I’m starting to try and get my head around (E)PGA in 2D, and as a start I’m trying to evaluate the geometric product for two points. I’ve seen eg here that the product is ab = a · b + a ∧ b, but when I try to evaluate that with ganja.js:
// Create a Clifford Algebra with 2,0,1 metric.
Algebra(2,0,1,()=>{
var a = (1e01 + 1e20 + 1e12);
var b = (1e01 + 2e20 + 1e12);
var ab1 = a * b;
var ab2 = (a << b) + (a ^ b);
document.body.innerHTML = "<div>"+ab1+"</div><div>"+ab2+"</div>";
});
the output doesn’t match:
-1-e_01
-1
Do these operators have different definitions or am I just missing something obvious?
That’s not the definition of geometric product, it’s only a special case for when an input is a vector. In general, the formula is not valid, and since neither of your input is a vector, the formula doesn’t apply.
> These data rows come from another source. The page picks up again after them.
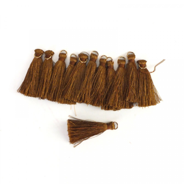 Textilný strapček zhotovený z krásnych lesklých padavých vlákienok. S malým kovovým krúžkom na zavesenie. Strapčeky môžete použiť ako efektný doplnok pri zdobení šperkovníc a krabičiek, vianočných ozdôb a kraslíc,.... S obľubou sa používajú pri výrobe bižutérie. Cena za 12kusov. Dľžka cca 40mm.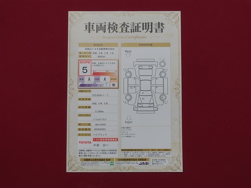 - 表示項目・方法・運用体制等について、自動車公正取引協議会の定める基準を満たした「トヨタU-Car品質評価制度」に基づき作成しております。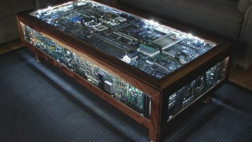 Jeśli macie stare komputery walające się w szafie lub piwnicy, to nie myślcie o ich wyrzucaniu. Lepiej wszystko rozebrać na części i zamienić w stolik. Taki jak powyżej.
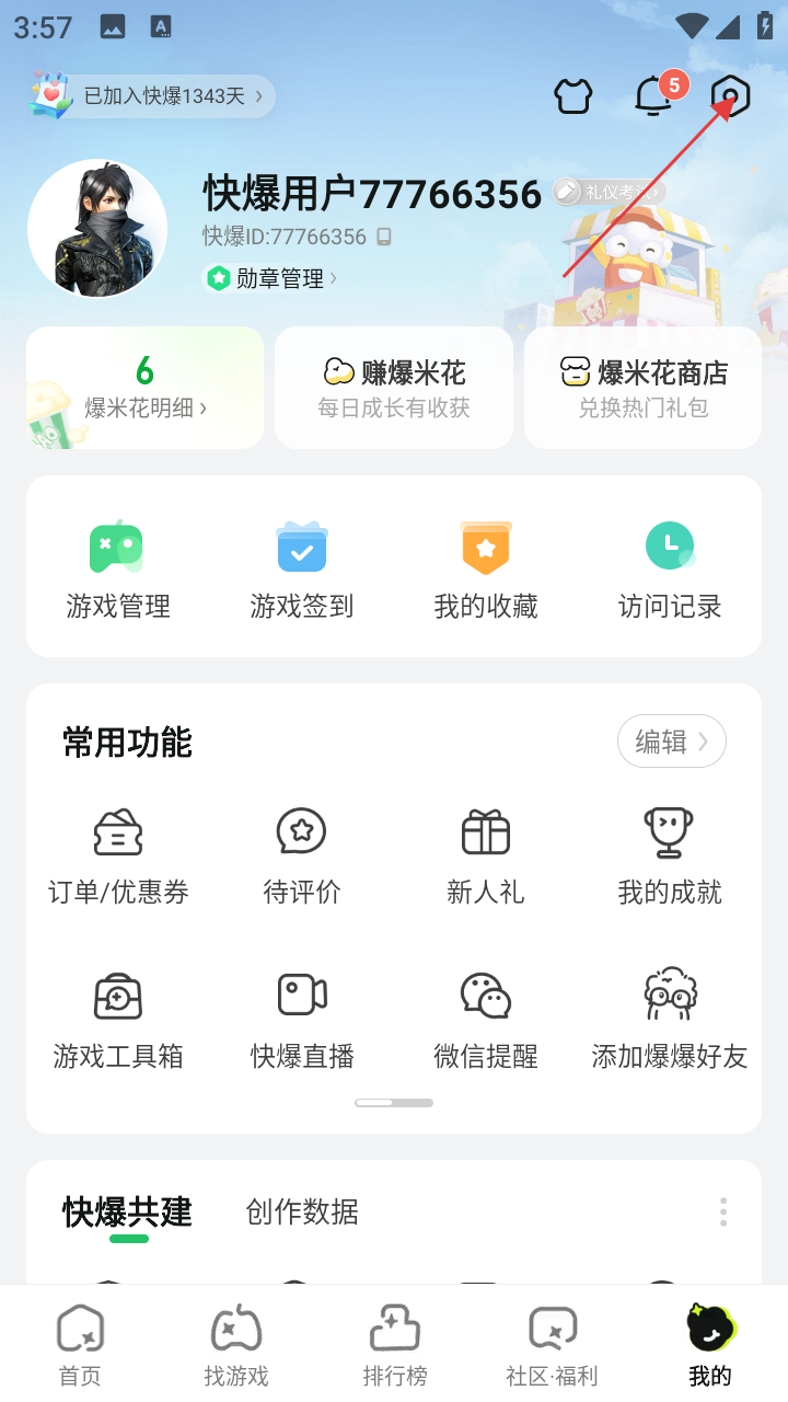 2、进入“我的”页面后,若要进入设置界面,点击右上角的齿轮形状设置图标。
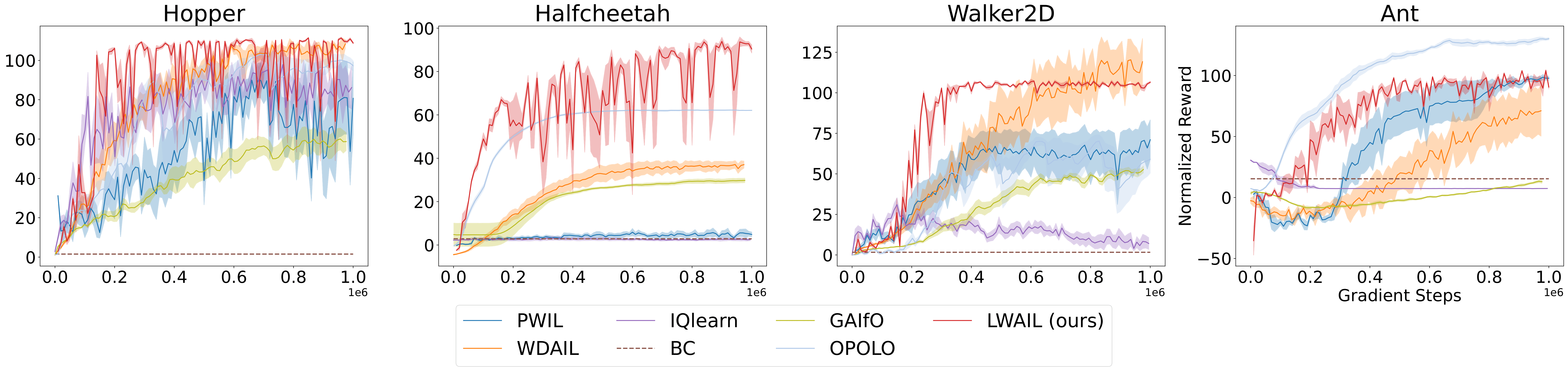 - Imitation stage: We freeze this ICVF embedding and use the Euclidean distance in this new latent space as the cost function within a standard Wasserstein AIL framework.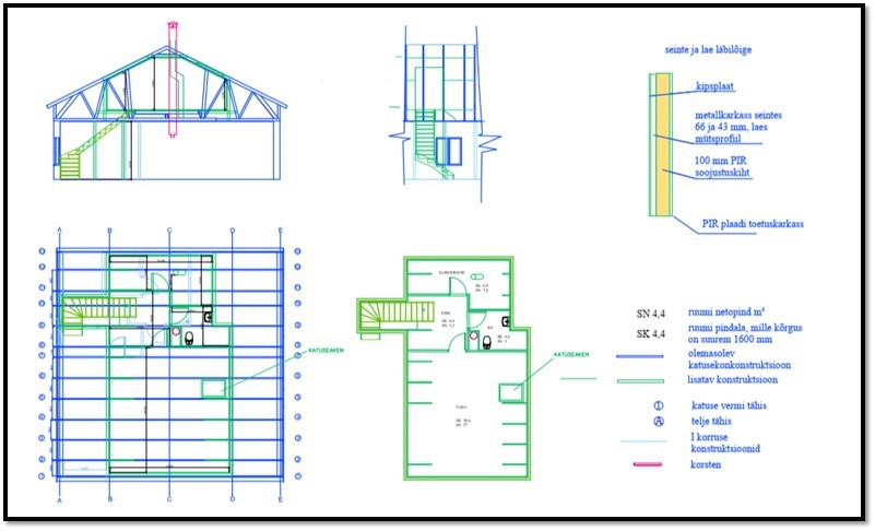 Teise korruse vaheseinad paigaldada vastavalt joonisele. Vaheseinas kasutada 43 mm metallkarkassi, soovitatav on vaheseinad täita kivivillaga, aitab parendada heliisolatsiooni. Vaheuste laius on 800 mm.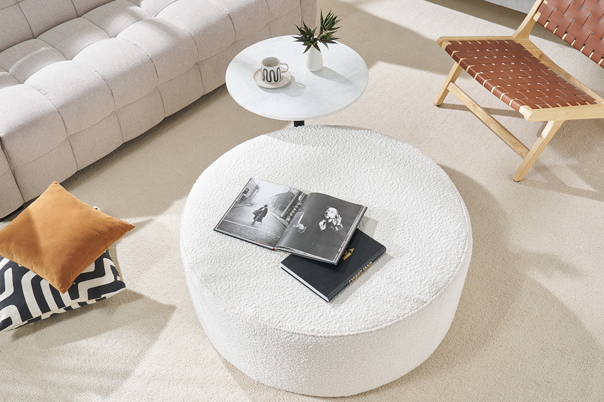 Tout en rondeur, SIMON et ses dimensions généreuses (D100 x H40 cm) mettent en valeur ce tissu duveteux qui nous séduit toujours autant saisons après saisons. Indispensable des intérieurs chaleureux, l'effet laine bouclée charme par sa douceur innée. On adore la manière par laquelle cette belle matière se voit sublimée par un design arrondi, tout en élégance et en simplicité.
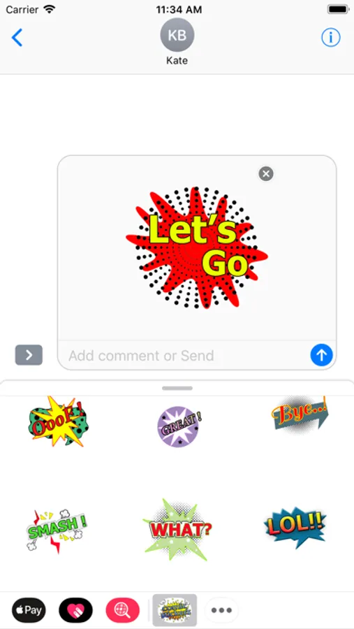 A sticker is a detailed illustration of a character that represents an emotion or action that is a mix of cartoons and Japanese smiley-like emojis. They have more variety than emoticons and have a basis from internet "reaction face" culture due to their ability to portray body language with a facial reaction. Stickers are elaborate, character-driven emoticons and give people a lightweight means to communicate through kooky animations.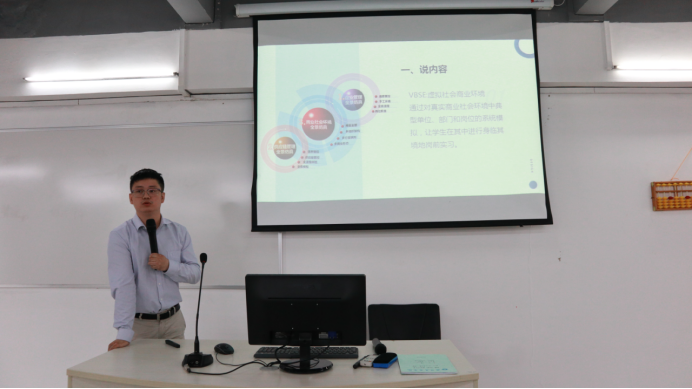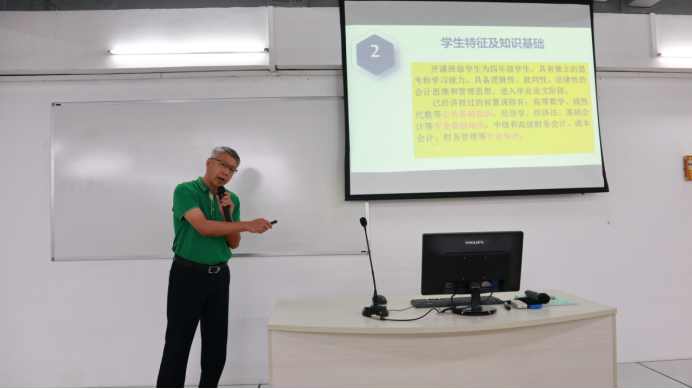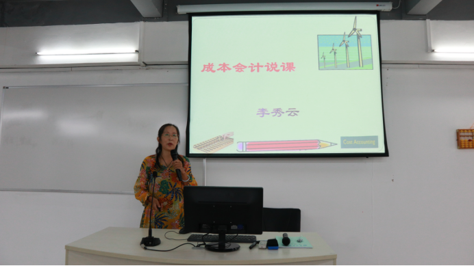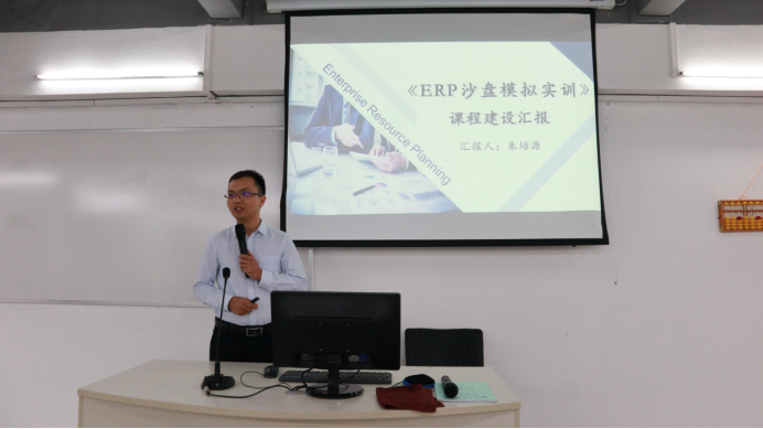说课程建设由会计学教研室副主任黄璐老师和首席教师朱培源老师分别对《会计技能实训》和《ERP沙盘模拟实训》进行汇报。两位老师对课程设置、课程定位、课程团队建设、教学改革、教学方法的创新、存在的问题及对策等方面做出了详细的汇报。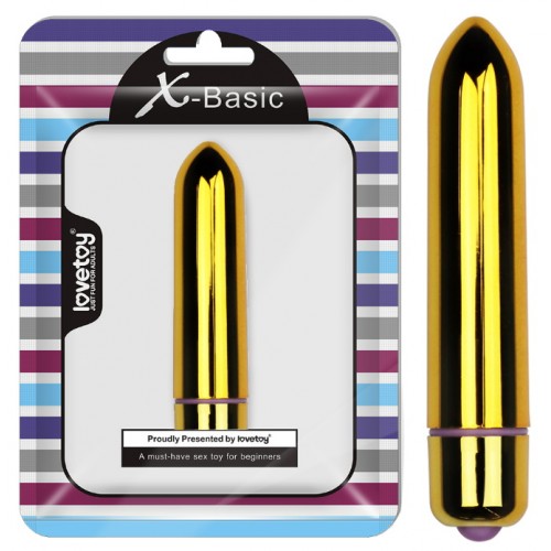 ЗакрытьЗолотистая вибропуля X-Basic Bullet Long Lovetoy с 10 режимами вибрации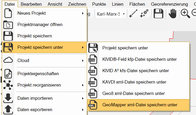 Menü Datei / Projekt speichern unter / Projekt aus GeoMapper xml-Datei speichern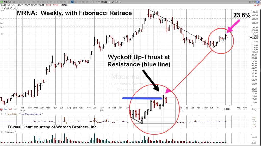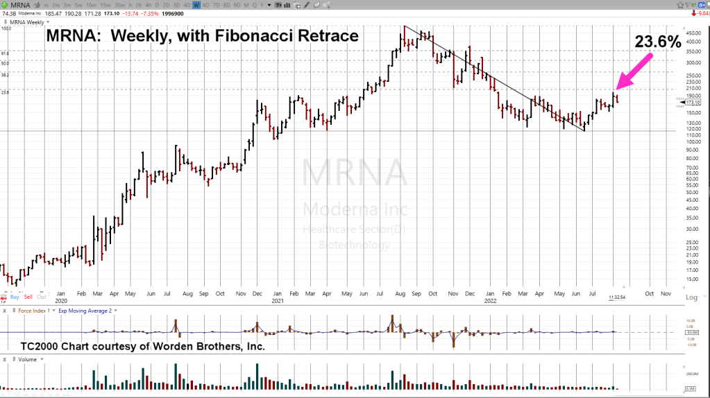 Starting with the weekly chart, MRNA, has just barely retraced upward to an anemic 23.6%, before breaking to the downside.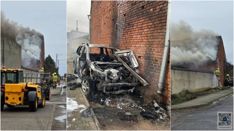 Nietrzeźwi kierowcy to zmora polskich dróg. Tym razem w niedzielę 24 listopada 2024 r. pijany kierowca nie opanował pojazdu i uderzył nim w budynek gospodarczy w Kuczynie. Auto uległo zapaleniu. Z płonącego wraku kierowcę wyciągnęli świadkowie zdarzenia, notabene ratując mu życie. W niedzielny poranek, 24 listopada 2024 r. w Kuczynie w gminie Krobia doszło do … Czytaj dalej Kompletnie pijany kierowca spowodował kolizję ze… stodołą. Auto stanęło w ogniu [Aktualizacja]

@chakravala is right, that definition is valid for two 1-vectors. But since in 2D EPGA points are 2-vectors (as in your code), then this formula is no longer valid. The correct one can be found on the SIGGRAPH course notes in Sec. 7.2: \textbf{P}\textbf{Q} = = -1 + d_{PQ}\textbf{V} , where \textbf{V} is an ideal point (a 2-vector satisfying \textbf{V}\cdot\textbf{V}=0) perpendicular to the line joining \textbf{P} and \textbf{Q}. Assuming \bf{V} is normalized in the ideal norm (\| \textbf{V}\|_\infty = 1), then the coefficient d_{PQ} is the distance between the two points.
In other words: \textbf{P} \cdot \textbf{Q}, the grade-0 part of the geometric product of two normalized euclidean points is always -1, and the grade-2 part (also written \vec{P}\times\vec{Q} since it’s the commutator PQ-QP) is an ideal point perpendicular to the direction \bf P-Q. Its ideal norm is the distance between the points.
I recommend if you are just starting to explore 2D EPGA to begin with lines (the 1-vectors, where the formula you quoted is valid) and move up to points (2-vectors) after you’re comfortable with lines. That way you move from the more familiar to the less familiar.
Thank you both, that clears up my misconception. I hadn’t realised that calculating the geometric product of two multivectors is just multiplying out the terms normally, that’s much simpler than I expected. And thanks again @cgunn3 for explaining what the result of multiplying two points means geometrically, that was likely going to be my next question!